Event ID:6004 - A driver packet received from the I/O subsystem was invalid.

Discussion in 'ESET NOD32 Antivirus' started by dwood, Jan 30, 2008.

Thread Status:
Not open for further replies.
  1. capatt

    capatt Registered Member

    Joined:
    Jan 23, 2007
    Posts:
    84
    I'm seeing exactly this same problem on a home computer with EAV (NOT ESS) 3.0.642 installed. It doesn't seem to affect actual performance, except to fill the logs.
     
  2. GhostMan

    GhostMan Eset Staff Account

    Joined:
    Jun 8, 2007
    Posts:
    99
    Location:
    Bratislava
    Guys

    use this driver

    (only under EAVBE, IT'S NOT WORKING FOR ESSBE)
    and send us some feedback, please. Bug 6004 should be resolved...

    Regards.

     
    Last edited by a moderator: Mar 11, 2008
  3. capatt

    capatt Registered Member

    Joined:
    Jan 23, 2007
    Posts:
    84
    I'd love to try this, but what exactly do I do?

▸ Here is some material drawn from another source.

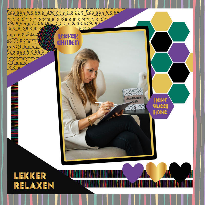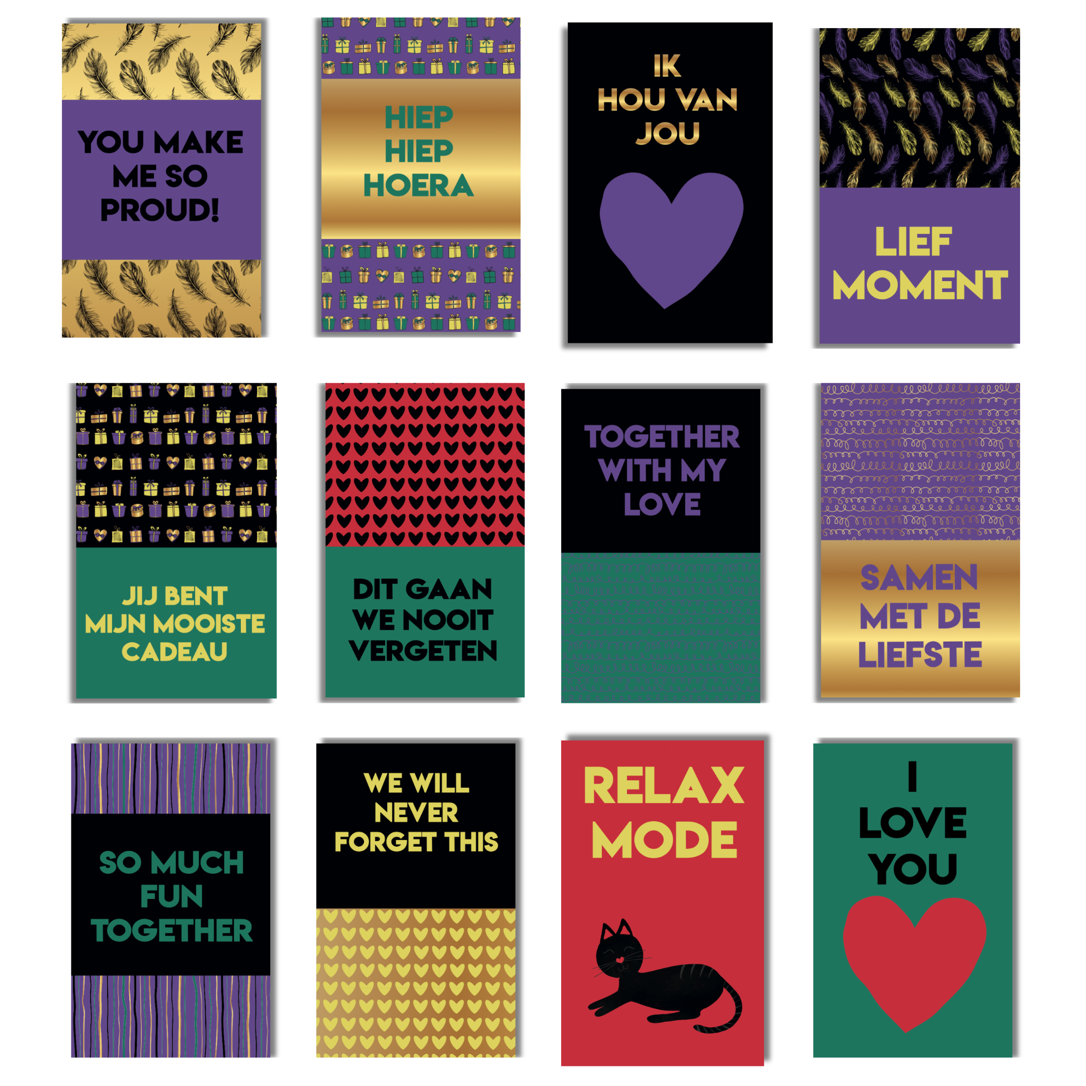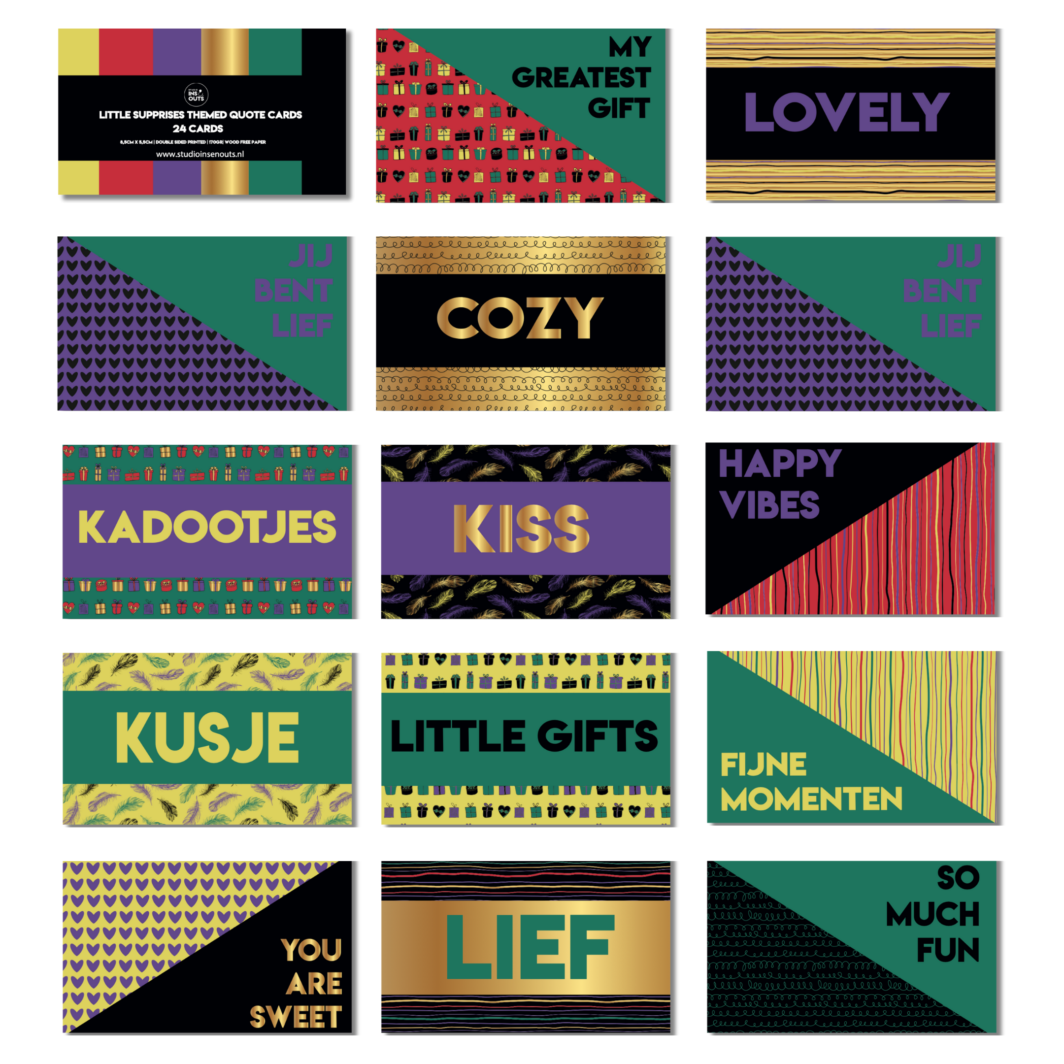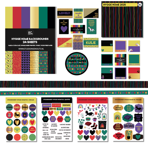 De Hygge Home quote kaartjes van Studio Ins & Outs brengen warmte, gezelligheid en knusse sferen in jouw creatieve scrapbook, journal of plakboek projecten. Deze set van 24 kaartjes is uitgevoerd in diepe kleuren zoals groen, paars, zwart en goud, en bevat een mix van vrolijke prints met hartjes, veren, cadeautjes, verticale lijnen, spiraal lijnen en een toffe Sinterklaas print! Ideaal om een persoonlijk accent toe te voegen aan je scrapbook, journal of fotoboek.

Where do I put it?
     
  4. Marcos

    Marcos Eset Staff Account

    Joined:
    Nov 22, 2002
    Posts:
    14,456
    Just rename the original file, copy the new epfwtdir.sys instead and restart the computer.
     
  5. dwood

    dwood Registered Member

    Joined:
    Jan 11, 2005
    Posts:
    92

    Testing on a couple of PC's who get this problem, will post results shortly. :thumb:
     
  6. mps_surcouf

    mps_surcouf Registered Member

    Joined:
    Mar 5, 2008
    Posts:
    33
    GhostMan/Marcos

    Winxp sp2 NOD32 3.0.642

    Renamed old file.
    Copied the downloaded file to my workstation.
    Restarted

    Still get

    Event Type: Warning
    Event Source: MRxSmb
    Event Category: None
    Event ID: 3019

    and
    Event Type: Error
    Event Source: EventLog
    Event Category: None
    Event ID: 6004

    When connecting to network shares
    So this is not fixed for me.

    If I check the event logs on all 35 work stations (at least the 10 or so I did a spot check on) This error only occurs after NOD 3.0.642 install.
    There were no errors of this type before EAV 3.0.642.

    Thanks Mike
     
  7. STI

    STI Registered Member

    Joined:
    Feb 25, 2008
    Posts:
    10
    hi,
    i have changed the driver in the windows\system32\drivers dir and in the program dir and had no event 3019 since then.

    will this driver also solve the stuck server problemo_Oo_O

    nico :)
     
  8. mps_surcouf

    mps_surcouf Registered Member

    Joined:
    Mar 5, 2008
    Posts:
    33
    Hi

    I only changed it in the programs directory (lack of info?)

    Marco could you explain why it is in two places? Can you clarify.

    I will change it in the sytem32\driver directory aswell and report back

    Thanks

    Mike
     
  9. mps_surcouf

    mps_surcouf Registered Member

    Joined:
    Mar 5, 2008
    Posts:
    33
    Hi

    Now I have changed epfwtdir.sys in the system32\drivers directory (aswell as C:\Program Files\ESET\ESET NOD32 Antivirus\Drivers\epfwtdir directory)

    No more 3019 or 6004. Thankyou!
    Please let us know when you may have a full product update for distribution.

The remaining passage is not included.